In fact, despite the fact that Fejuve formally took a position in support of forming a revolutionary government based on the mass organizations, Mamani tried to get a place on the slate of Morales’ party in the parliamentary elections.

Other ministers were rejected by various unions. The fact that The Economist ignored Morales’ right-wing appointees and the rejection of them by the mass organizations probably reflects the briefings the capitalist press is getting from imperialist government officials.

And this in turn probably reflects the pressures these governments are bringing to bear on Morales and their lack of confidence that he can control the mass movement in his country.

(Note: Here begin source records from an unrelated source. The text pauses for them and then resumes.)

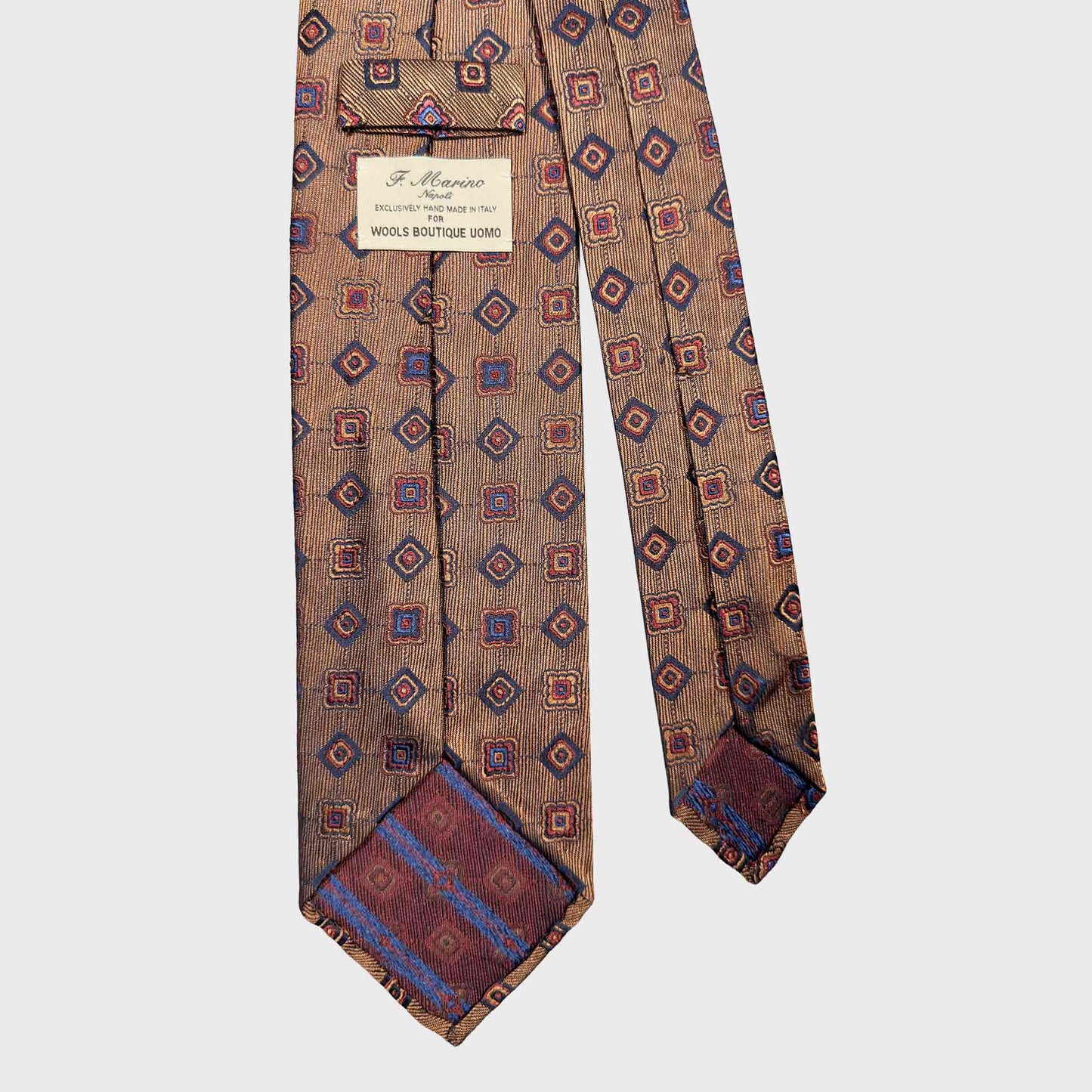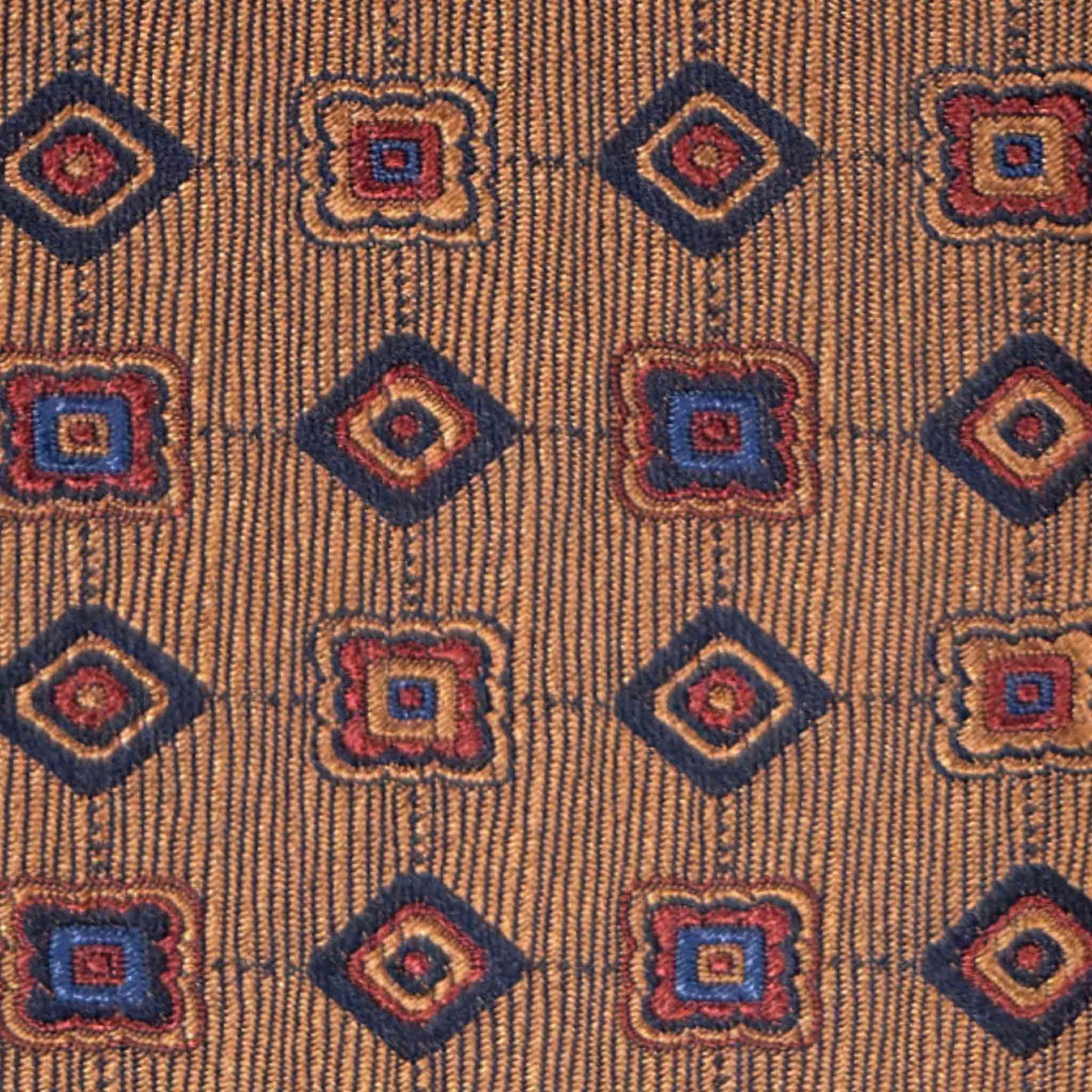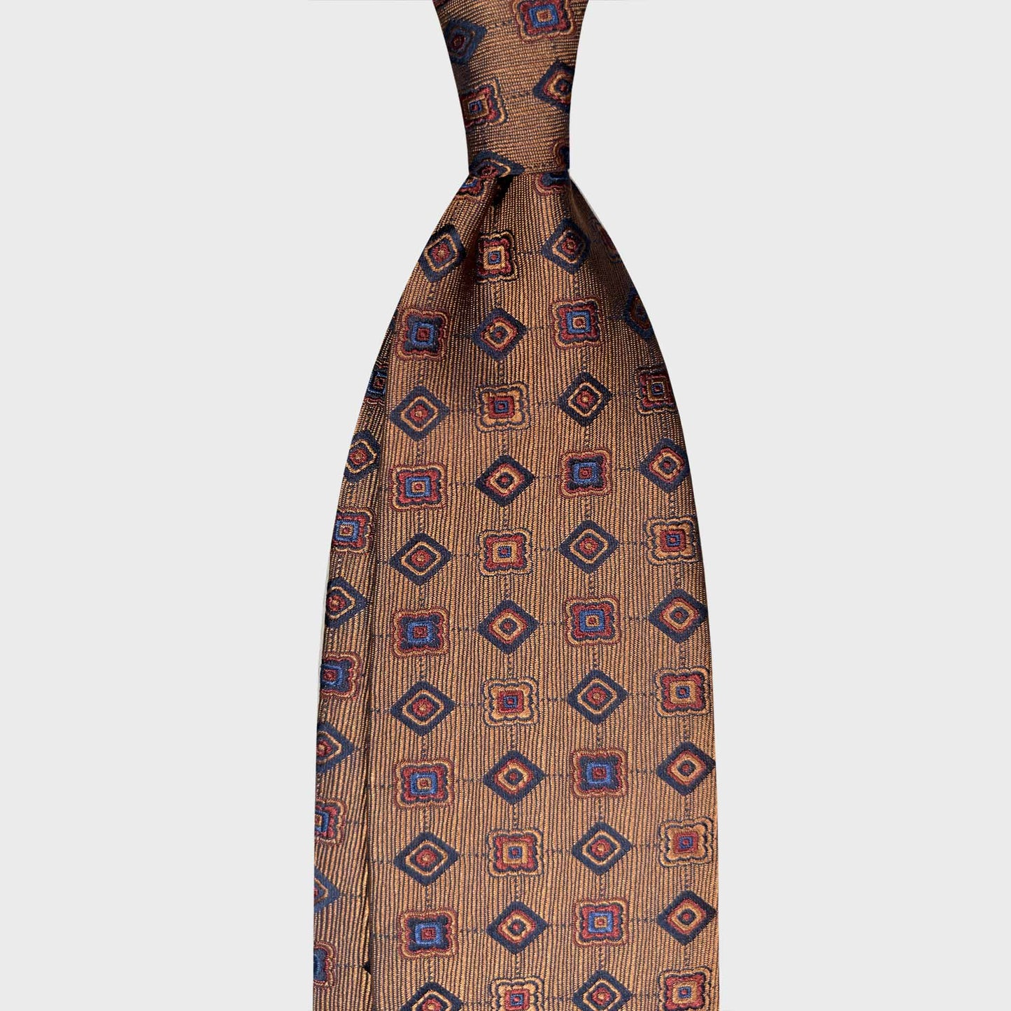 This silk tie features a distinctive copper brown background enriched by a subtle textured weave that enhances depth and character. The geometric diamond pattern, in shades of navy, sky blue and warm orange. The warm tone of the base makes it particularly versatile for contemporary tailoring, pairing naturally with navy blazers, brown jackets or beige tones. It offers a sophisticated alternative to more traditional colour palettes, especially for those looking to move beyond classic navy while maintaining a sartorial approach.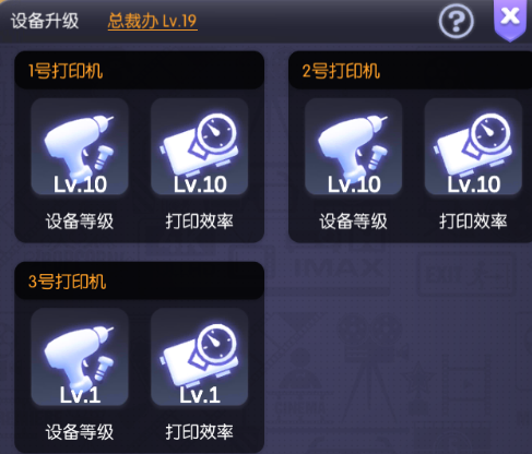 影院每提升一个档位,就可以提升影院各类设备的等级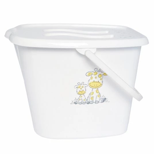 Der weiße Windeleimer Giraffe von Bieco ist optimal, um die benutzten Windeln Deines Kindes darin zu entsorgen und mit dem Deckel fest zu verschließen. Der Eimer hat einen praktischen Bügelgriff und ist auch optisch ein Hingucker. Du kannst den Windeleimer ganz einfach mit Seifenwasser reinigen und dieses anschließend; durch die schnabelförmige Vertiefung an der Seite, ausgießen.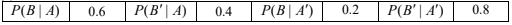 \(P(C ) = 0.4, P(B | C) = 0.6, P(B | C ‘ ) = 0.5\).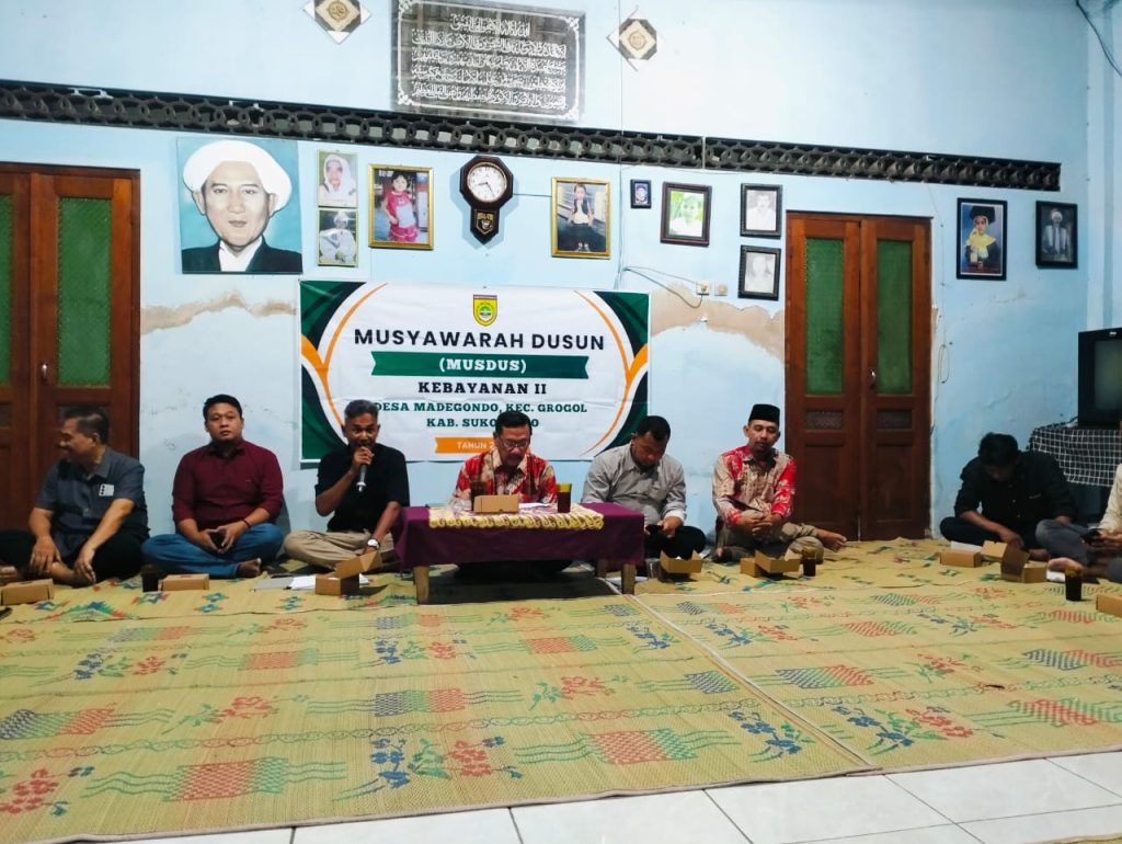 Musyawarah Dusun adalah salah satu kegiatan awal dalam proses penyusunan Rencana Kerja Pemerintah Desa untuk tahun yang akan datang. Musyawarah dusun bertujuan untuk menampung semua usulan masyarakat atau menampung semua gagasan dalam melaksanakan pembangunan di tahun yang akan datang, dalam pelaksanaan musyawarah dusun, pemerintah desa madegondo melaksanakan kegiatan tersebut dalam empat kali pertemuan, dimana masing-masing Kepala Dusun melaksanakan musyawarah dusun yang di pimpin langsung oleh kepala dusun di masing-masing wilayah.

In fact, following his election, the COB union federation announced that it was “besieging” the new government, campaigning for it to meet demands for a real nationalization of the country’s natural resources, a breakup of the big landed estates, and an immediate increase in the minimum wage. On Jan. 27, Econoticias reported that the Morales government denied it had ever promised an increase in the minimum wage but that there was documentary evidence that his party had.

It is clear that Morales is just another populist politician in a long Latin American tradition. His objective is to keep the mass revolt against imperialist and capitalist exploitation within the bounds of the existing economic and parliamentary system. But he is facing a more dynamic and conscious mass movement than similar populist leaders in the past.

Thus Bolivia remains a powder keg, and the imperialists have good reason to be worried.
Supporters of the right of self-determination and the rights of labor have to remain alert to oppose imperialist threats to Bolivia and attempts by the capitalist press to project an image of the developments in the country designed to justify imperialist pressures and even eventually intervention.